1. Check Current Memory

curl -s https://hcss-eventscore-api-prod.azurewebsites.net/health/detailed | jq .

az monitor metrics list \
--resource /subscriptions/SUB_ID/resourceGroups/hcss-rg-prod/providers/Microsoft.Web/sites/hcss-eventscore-api-prod \
--metric "MemoryWorkingSet,AverageMemoryWorkingSet" \
--interval PT5M

2. Check Application Insights

  • Review Performance blade for memory trends
  • Look for memory leak patterns (steadily increasing over time)
  • Check if a specific endpoint is consuming excessive memory

3. Check Cache Size

The application uses IMemoryCache with a limit of 1024 entries.
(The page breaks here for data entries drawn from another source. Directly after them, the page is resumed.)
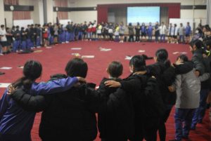 昨日、2日目の夕食(すき焼き)をお腹いっぱい食べたあとは、レクレーション大会を行いました。係の人たちが一生懸命考え、準備したレクレーション大会は、大いに盛り上がり、みんなで楽しい時間を過ごしました。最後には参加者全員で大きな輪をつくり、「WAになっておどろう」を歌いました。スキー学校のスローガンを体現したレクレーション大会でした。
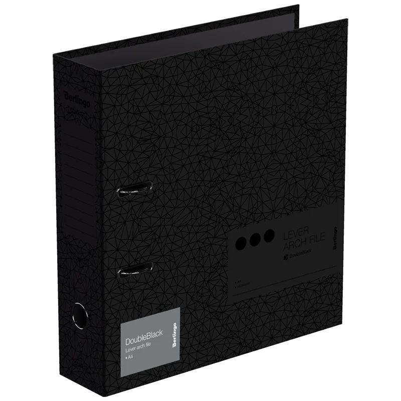 Папка-регистратор с арочным механизмом из жёсткого износостойкого картона с покрытием из матовой ламинированной бумаги. Папка черного цвета с рельефным рисунком УФ-лаком. Выгодно отличается надёжным арочным механизмом черного цвета и черной фурнитурой. Эффективно экономит офисное пространство, идеальна для создания архива. Конструкция разработана с учётом всех особенностей эксплуатации. На корешке есть поле для маркировки, где можно делать записи специальными ручками и карандашами для письма на черной бумаге.
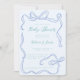 Minneshögtidlighålla mamma med den här lekande Funkyn Blue Bow Hand-dragen Baby Shower-inbjudan! Den här inbjudan innehåller en vit bukblå illustration och ett snabbt, handritat inslag, och anger tonen för en babydusch för roligt och snyggt. Utformningen är djärv men charmig, perfekt för ett modernt firande med personlighet. Fullständigt anpassade med din händelseinformation och tillgänglig som utskrift eller digital hämtning.
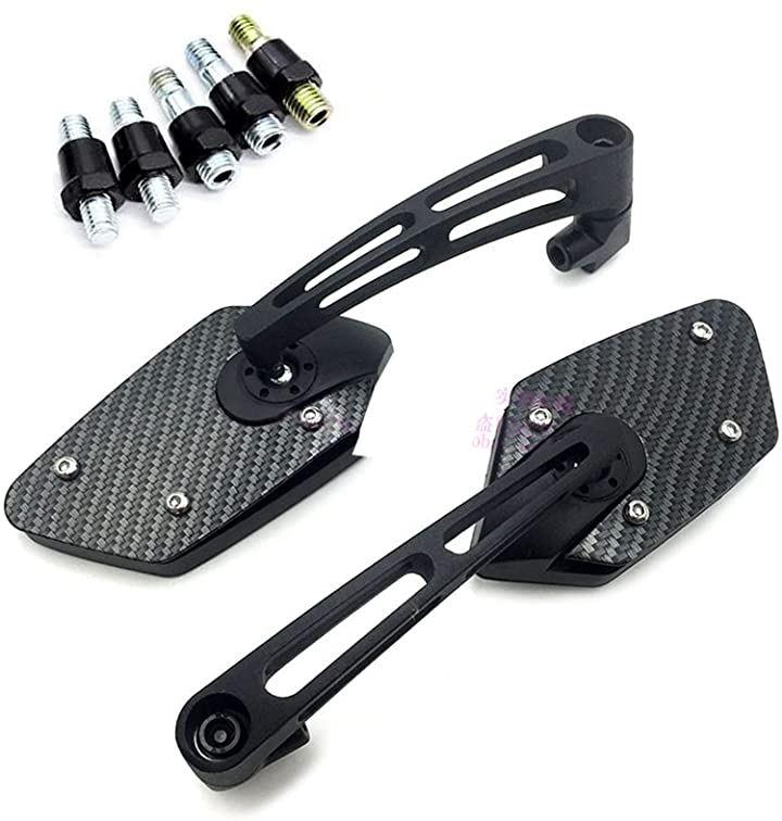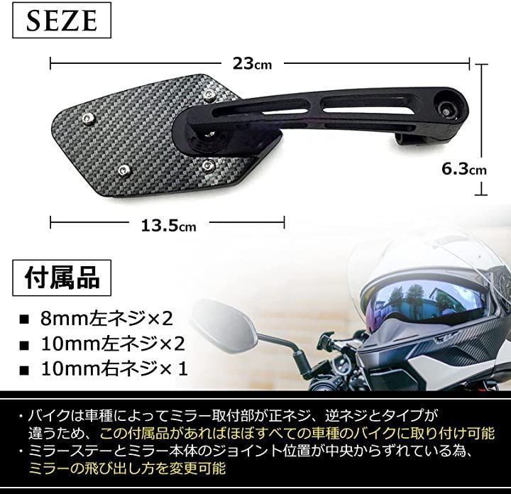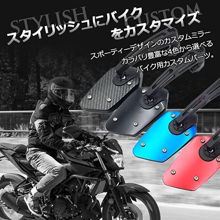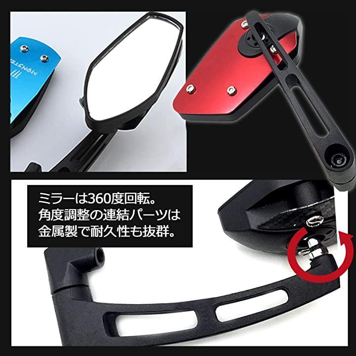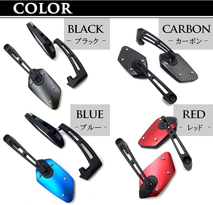 ・「カラー」ブラック、カーボン調、レッド、ブルー「ミラー面」鏡面:フラット(平面鏡),ハーフマット仕上げ「付属品」8mm左ネジx2、10mm左ネジx2、10mm右ネジx1*モニターの環境により色の見え方に若干差が生じる場合がございます。

  • High memory could indicate cache entries are storing large objects
  • Review if cache compaction (25% threshold) is working

4. Check Hangfire Jobs

  • Access Hangfire dashboard
  • Check for stuck or long-running jobs that may hold references

Resolution Steps

Immediate Relief: Restart

az webapp restart --name hcss-eventscore-api-prod --resource-group hcss-rg-prod

sleep 60
curl -s https://hcss-eventscore-api-prod.azurewebsites.net/health/detailed | jq .entries.memory

Scale Up the App Service Plan

# Current: B1 (1.75 GB RAM) or S1 (1.75 GB RAM)
# Scale to S2 (3.5 GB RAM) or S3 (7 GB RAM)
az appservice plan update \
--name hcss-asp-prod \
--resource-group hcss-rg-prod \
--sku S2

Scale Out (Add Instances)

az appservice plan update \
--name hcss-asp-prod \
--resource-group hcss-rg-prod \
--number-of-workers 2

Investigate Memory Leak

If memory increases steadily after restart:

  1. Enable Application Insights Profiler for memory snapshots
  2. Check for large file uploads held in memory (should use streaming)
  3. Review recent code changes for:
    • Unbounded collections
    • Missing IDisposable implementations
    • Large response objects not being GC'd
    • SignalR connections accumulating

Verification

  1. /health/detailed reports memory healthy
  2. Memory working set is below threshold
  3. Application is responsive (check response times)
  4. Monitor for 30 minutes to ensure memory is stable (not climbing)